SEND_DATA_URL = 'http://localhost/scraping/data'

print("Initializing drivers")
options = webdriver.ChromeOptions()
options.add_experimental_option('excludeSwitches', ['enable-logging'])

options = Options()
options.headless = True
options.add_argument("--headless")
driver = webdriver.Chrome()
#driver = webdriver.Chrome(service=Service(ChromeDriverManager().install()), options=options)
print("Loging in")
driver.get(LOGIN_URL)
driver.find_element(By.ID, "loginEmail").send_keys(USERNAME)
driver.find_element(By.ID, "formControl").click()
driver.find_element(By.ID, "loginPassword").send_keys(PASSWORD)
driver.find_element(By.ID, "formControl").click()

def startProcess():
    try:
        print("Waiting for data table to load")
        driver.get(TableURL)
       # driver.implicitly_wait(30)
        WebDriverWait(driver, 30).until(EC.visibility_of_element_located((By.XPATH, '(//table)[1]'))).get_attribute(
            "outerHTML")

        print("Getting table source")
        index = 0
        result = []
        soup = BeautifulSoup(driver.page_source, "lxml")
        print("Getting all rows from table")
        for table in soup.find_all('table'):
            if (index == 1):
                for row in table.find_all('tr'):
                    columns = row.find_all('td')

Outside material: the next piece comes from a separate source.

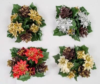 Piękne ozdobione i kolorowe stroiki kwiatowe na świecę lub jako bożonarodzeniowa dekoracja stołu. Wielkość otworu na świecę to 2,6cm.

                    order = columns[1]
                    status = columns[2]
                    vin = columns[3]
                    pre_sold_customer = columns[4]
                    load = columns[5]
                    description = columns[6]
                    add_ons = columns[7]
                    standard_features = columns[8]
                    color = columns[9]
                    ship_to = columns[10]

                    item = {
                        'order': re.sub(r"[\n\t]*", "", order.get_text().strip()),
                        'status': re.sub(r"[\n]", " ", re.sub(r"[\t]*", "", status.get_text().strip())),
                        'vin': re.sub(r"[\n\t]*", "", vin.get_text().strip()),
                        'pre_sold_customer': re.sub(r"[\n\t]*", "", pre_sold_customer.get_text().strip()),
                        'load': re.sub(r"[\n\t]*", "", load.get_text().strip()),
                        'description': re.sub(r"[\n\t]*", "", description.get_text().strip()),
                        'add_ons': re.sub(r"[\n\t]*", "", add_ons.get_text().strip()),
                        'standard_features': re.sub(r"[\n\t]*", "", standard_features.get_text().strip()),
                        'color': re.sub(r"[\n\t]*", "", color.get_text().strip()),
                        'ship_to': re.sub(r"[\n\t]*", "", ship_to.get_text().strip())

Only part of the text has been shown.